Written By: Joshua Erney
This post will examine the reduce function in DataWeave (DW) language. It will first illustrate reduce at a high level using a simple example. Then, it will explain how reduce works, what it expects as arguments, and how those arguments need to be constructed. It’ll dive into a more complex, real-world example that illustrates how reduce can be used to make existing map/filter code more efficient. Additionally, it will provide an example of how we can use reduce to create a utility function that separates the concerns for counting the amount of time something occurs in the array. And finally, it will go over how and when to use default values for the input function to reduce, and some additional considerations when using reduce in the workplace. This post will also take the opportunity to highlight a few functional programming concepts like higher-order functions, and immutable data structures. If you’re familiar with these concepts already, feel free to skim over those sections, you won’t miss anything.
reduce is one of those functions in DW that doesn’t seem to get as much love as its companions, map and filter. Most people know about map and filter; use map to create a new array that’s the result of applying a transformation function to each element of the original array, and use filter to create a new array with elements from the original array removed according to a predicate function. When it comes to data transformation, it’s relatively easy to identify use cases for map and filter: mapping fields from one data source to another, or removing elements that shouldn’t go to a certain data source. They’re relatively specific functions (not to mention used all the time in Mule integrations and data sequences in general), so identifying when they should be used is straightforward once you understand what they do. Identifying where reduce comes into play is a little bit more difficult because it is incredibly general, and unfortunately most of the examples out there don’t really paint a great picture of what it’s capable of. Most of us who were curious about reduce in the past have already seen the addition example everywhere:
Typical reduce Examples
%dw 1.0
%output application/java
%var input = [1,2,3,4]
---
input reduce ((curVal, acc = 0) -> acc + curVal)
// Output: 10
If you’re not familiar, this code adds all the numbers in the array. Incredible!

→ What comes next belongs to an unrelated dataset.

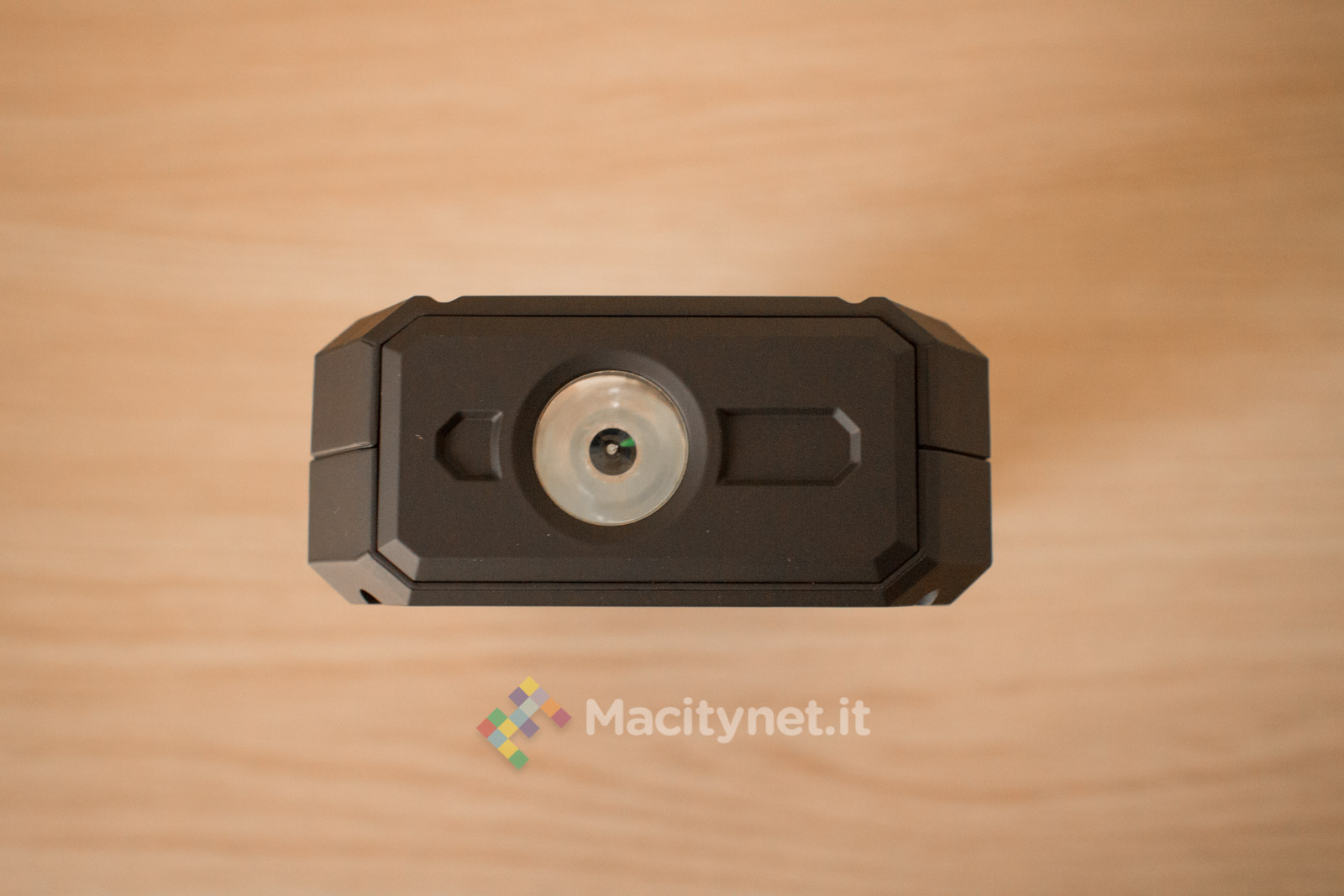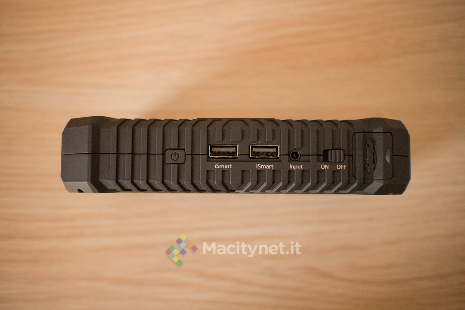 Detto ciò la batteria appare molto robusta fin dalla prima occhiata, e le sensazioni vengono confermate dal contatto fisico con lo chassis, in robusta plastica con copertura gommata la cui presa viene ulteriormente migliorata dalle scanalature ai bordi. Da un lato corto trova posto una torcia LED, sul lato lungo invece figurano le due prese USB, l’ingresso per l’alimentazione, l’interruttore ON/OFF, un pulsante e l’attacco per la cavetteria, protetto da un coperchio in gomma riconoscibile dal simbolo dell’automobile in rilievo. Per finire sul lato superiore c’è un piccolo display LCD retroilluminato (luce blu acceso) che mostra la percentuale di energia residua nella batteria e qualche altra informazione utile durante l’uso della batteria.

The code is trivial and chances are you’re never going to simply add an array of numbers together in any code, but this example illustrates something important that I looked over for a long time, and maybe you did, too: reduce, like map and filter, takes an array and a function as input, but unlike map and filter, its primary job is to reduce all the elements in the array to a single element, where an element can be a number, string, object or array. In this case, we have an array of numbers that’s reduced into a single number.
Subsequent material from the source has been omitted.